--- Work instructions ---
Leaving out all pictures, transcribe the lines below exactly, from the first through the line containing "Strong Traffic Counts: Best".

--- Listed entries ---
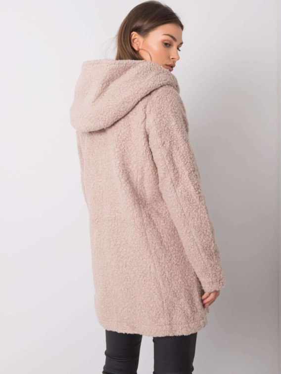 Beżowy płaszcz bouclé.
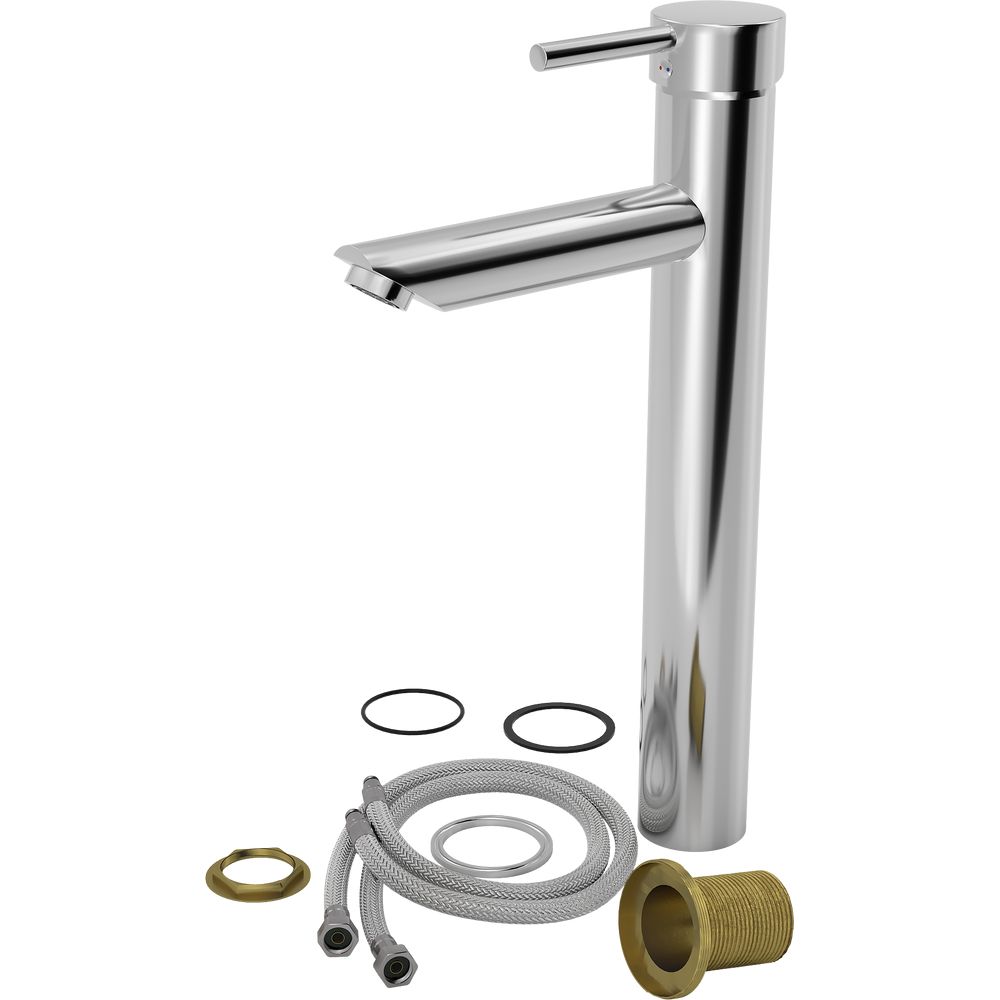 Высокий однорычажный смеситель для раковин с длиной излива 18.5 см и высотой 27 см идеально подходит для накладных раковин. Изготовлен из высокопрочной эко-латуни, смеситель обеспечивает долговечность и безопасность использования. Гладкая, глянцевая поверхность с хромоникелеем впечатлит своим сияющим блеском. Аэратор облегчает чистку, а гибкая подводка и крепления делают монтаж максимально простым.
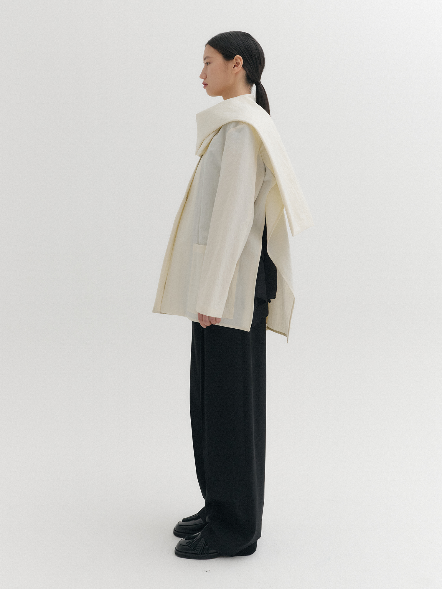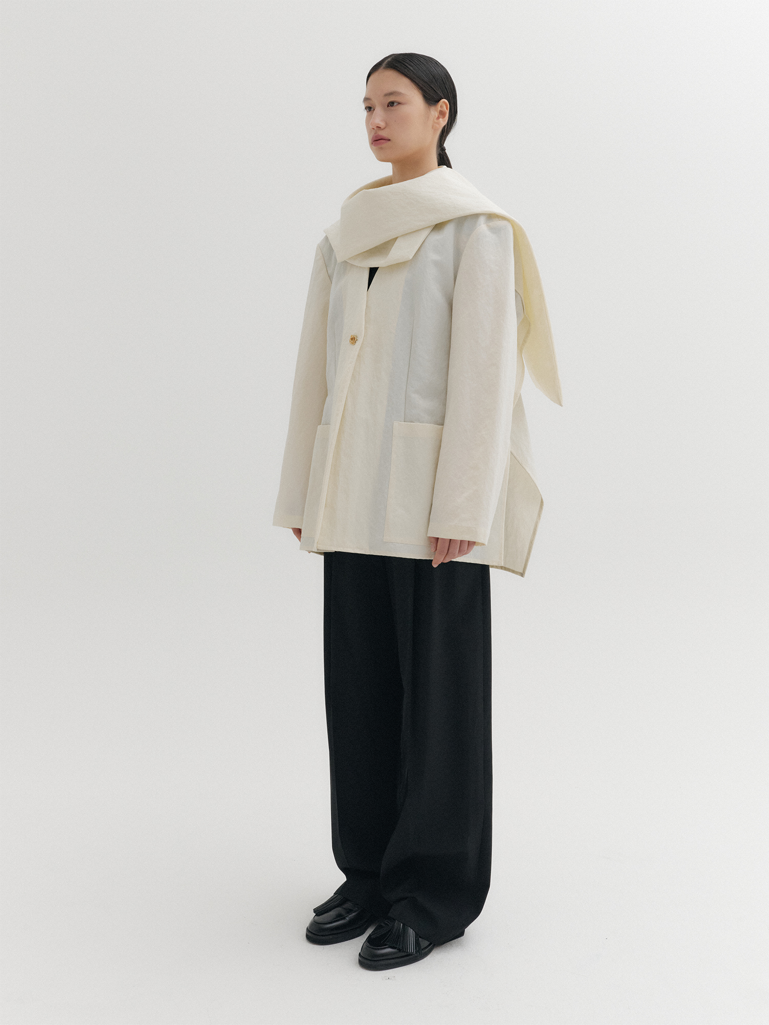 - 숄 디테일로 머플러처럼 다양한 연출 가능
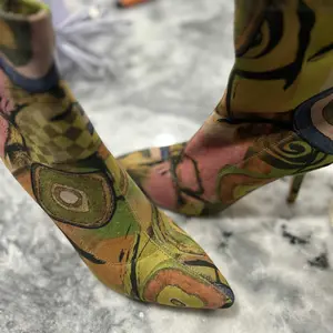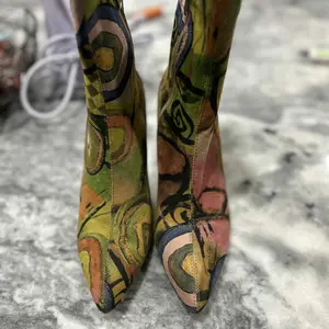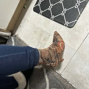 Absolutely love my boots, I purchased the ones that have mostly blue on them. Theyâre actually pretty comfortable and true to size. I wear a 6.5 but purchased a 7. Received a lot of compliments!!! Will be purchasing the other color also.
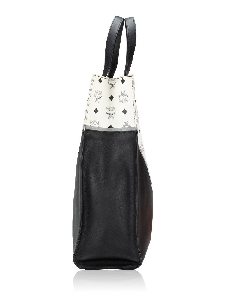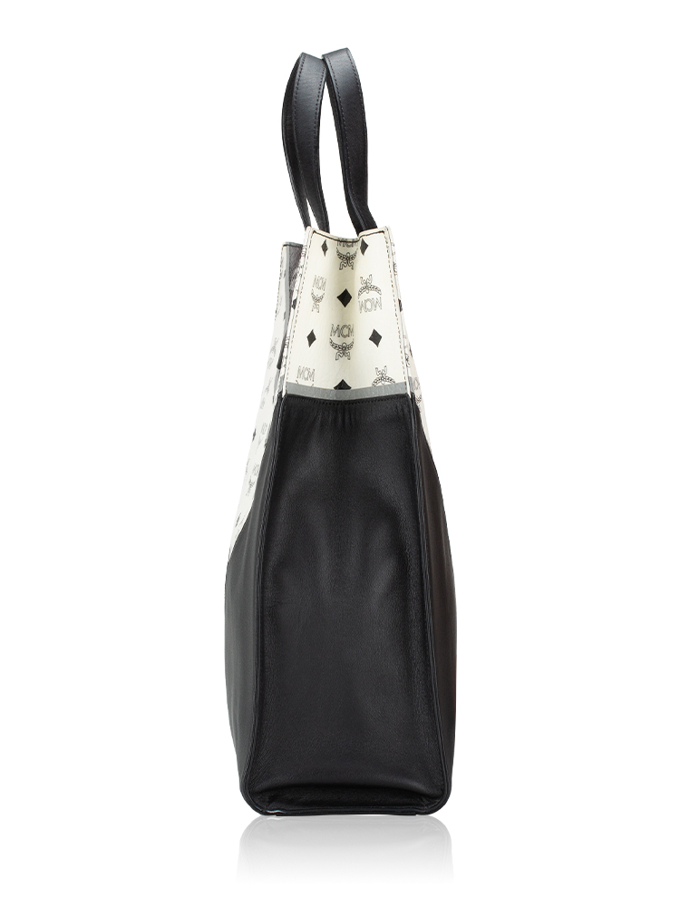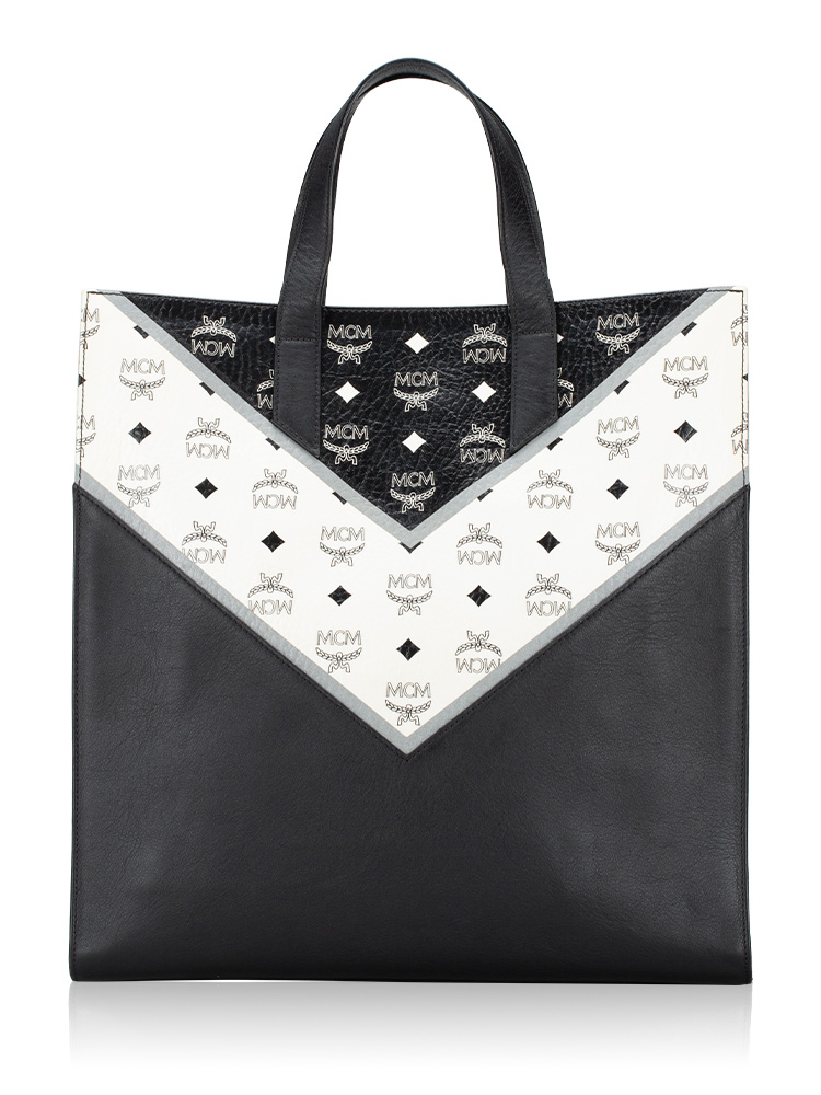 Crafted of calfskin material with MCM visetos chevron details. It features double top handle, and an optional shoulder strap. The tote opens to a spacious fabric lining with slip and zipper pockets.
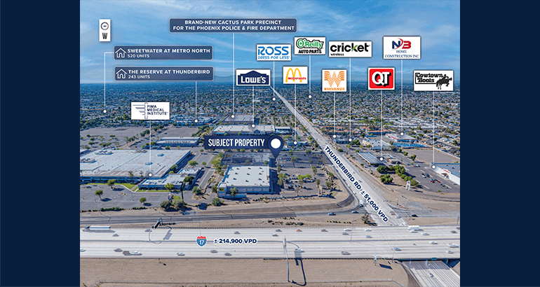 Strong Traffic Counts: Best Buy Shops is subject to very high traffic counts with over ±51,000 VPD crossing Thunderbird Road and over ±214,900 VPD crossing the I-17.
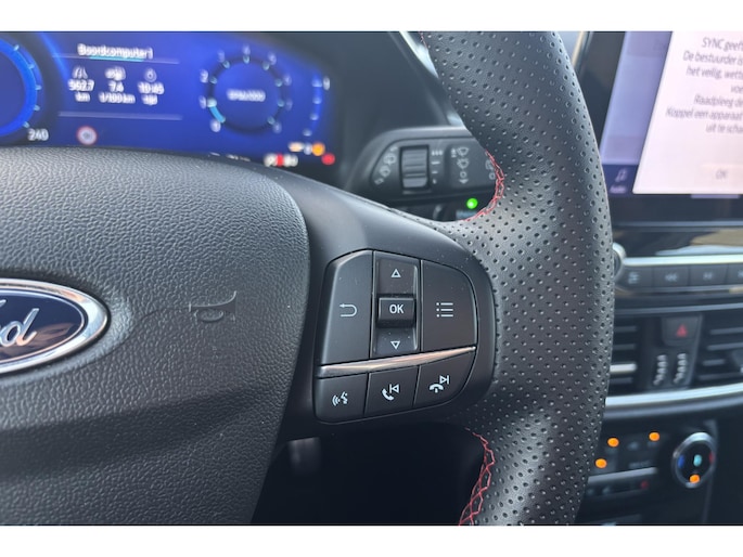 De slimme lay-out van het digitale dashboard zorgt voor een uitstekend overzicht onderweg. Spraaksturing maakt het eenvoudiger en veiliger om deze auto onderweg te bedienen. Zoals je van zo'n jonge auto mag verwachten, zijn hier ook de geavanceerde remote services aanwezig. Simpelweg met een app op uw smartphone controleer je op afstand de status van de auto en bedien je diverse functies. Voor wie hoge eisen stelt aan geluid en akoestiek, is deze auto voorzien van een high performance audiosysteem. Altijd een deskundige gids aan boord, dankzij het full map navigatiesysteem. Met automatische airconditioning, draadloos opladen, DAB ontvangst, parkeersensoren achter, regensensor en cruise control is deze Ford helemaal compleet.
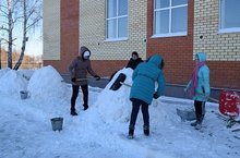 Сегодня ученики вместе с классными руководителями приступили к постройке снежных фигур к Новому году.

--- Task result ---
 Beżowy płaszcz bouclé.
 Высокий однорычажный смеситель для раковин с длиной излива 18.5 см и высотой 27 см идеально подходит для накладных раковин. Изготовлен из высокопрочной эко-латуни, смеситель обеспечивает долговечность и безопасность использования. Гладкая, глянцевая поверхность с хромоникелеем впечатлит своим сияющим блеском. Аэратор облегчает чистку, а гибкая подводка и крепления делают монтаж максимально простым.
 - 숄 디테일로 머플러처럼 다양한 연출 가능
 Absolutely love my boots, I purchased the ones that have mostly blue on them. Theyâre actually pretty comfortable and true to size. I wear a 6.5 but purchased a 7. Received a lot of compliments!!! Will be purchasing the other color also.
 Crafted of calfskin material with MCM visetos chevron details. It features double top handle, and an optional shoulder strap. The tote opens to a spacious fabric lining with slip and zipper pockets.
 Strong Traffic Counts: Best Buy Shops is subject to very high traffic counts with over ±51,000 VPD crossing Thunderbird Road and over ±214,900 VPD crossing the I-17.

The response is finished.